4x4 with feet? What is the world coming to


----------



## One Wheel (Dec 3, 2019)

GAN 356 X said:


> 4x4 with feet? What is the world coming to


More fun?


----------



## stoic (Dec 3, 2019)

What sort of times are you getting?
I can't imagine doing OLL parity with feet, let alone a full solve...!!


----------



## One Wheel (Dec 3, 2019)

stoic said:


> What sort of times are you getting?
> I can't imagine doing OLL parity with feet, let alone a full solve...!!
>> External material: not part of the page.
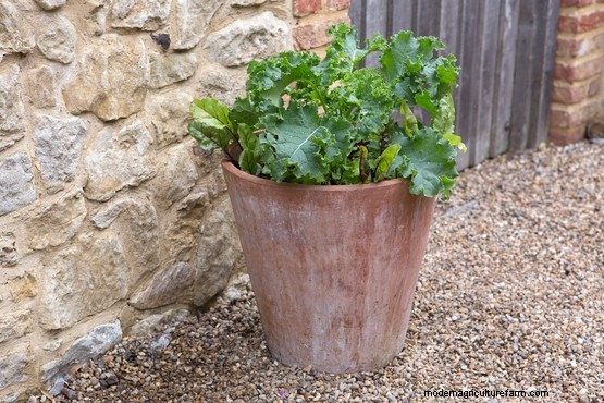 Then sow a few kale seeds into a modular tray. When the kale seedlings are 10cm tall, transplant the strongest one into the large pot. Water regularly and watch out for slugs, snails and caterpillars. After two weeks, feed with liquid seaweed fortnightly.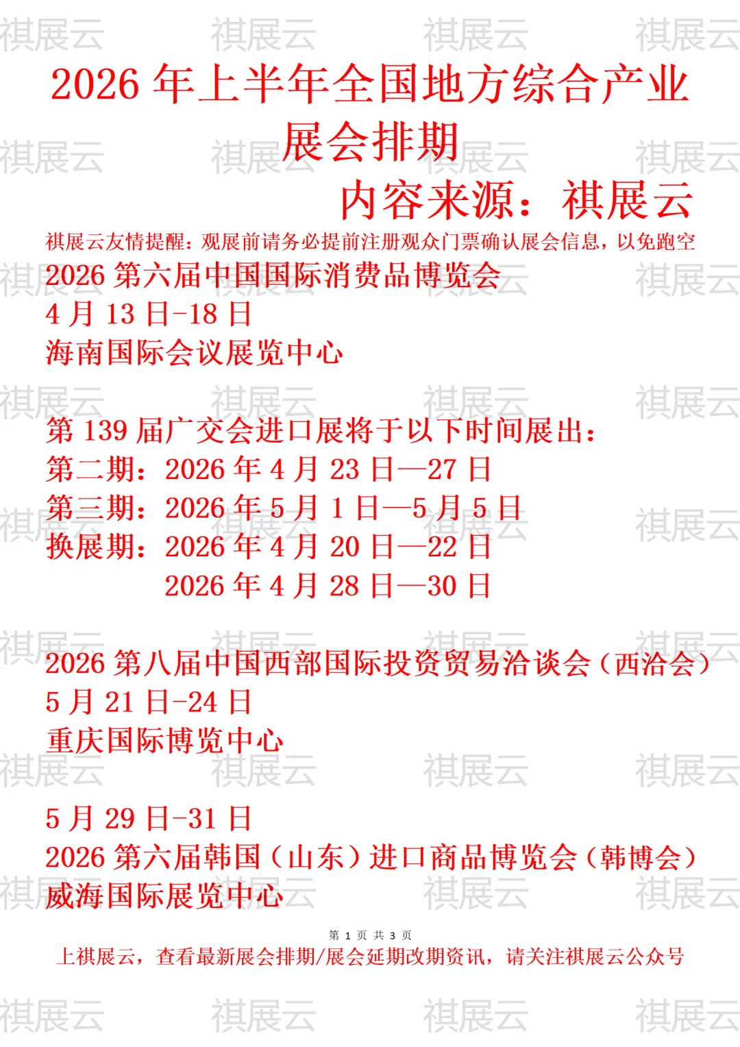 会展资讯丨全国地区国家级展会2026年上半年展会时间表

I’m hoping to find out what a few more people are getting with this thread. I’ve done 3 solves myself, I’ll do more later today. My best time is 7:35. I average about 1:30-1:40 on Feet and about 1:25 on 4x4. The WR single is 2:19.18, which I don’t think I can beat but which I think is entirely beatable.


----------



## GenTheThief (Dec 3, 2019)

When I did some solves I got a sub 5 average, but I haven't done 4x4 or Feet in a bit. I I'll do a couple solves in a bit a see how I'll do.


----------



## One Wheel (Dec 3, 2019)

1. 8:59 (the cat restarted the timer. Honest. 27 seconds plus 8:22 plus 15 seconds of inspection had counted down to 6)
2. (5:24.81)
3. 8:36.01 messed up an A-perm
4. (12:17.29) DNF has anybody tried to reassemble a 4x4 with their feet? Even just putting in a wing is really hard. 
5. 7:01.56

Ao5: 7:59.56

Lots of room for improvement.


----------



## bossel (Dec 4, 2019)

What about 4x4 1-foot blind solving ... ; - )


----------



## One Wheel (Dec 4, 2019)

bossel said:


> What about 4x4 1-foot blind solving ... ; - )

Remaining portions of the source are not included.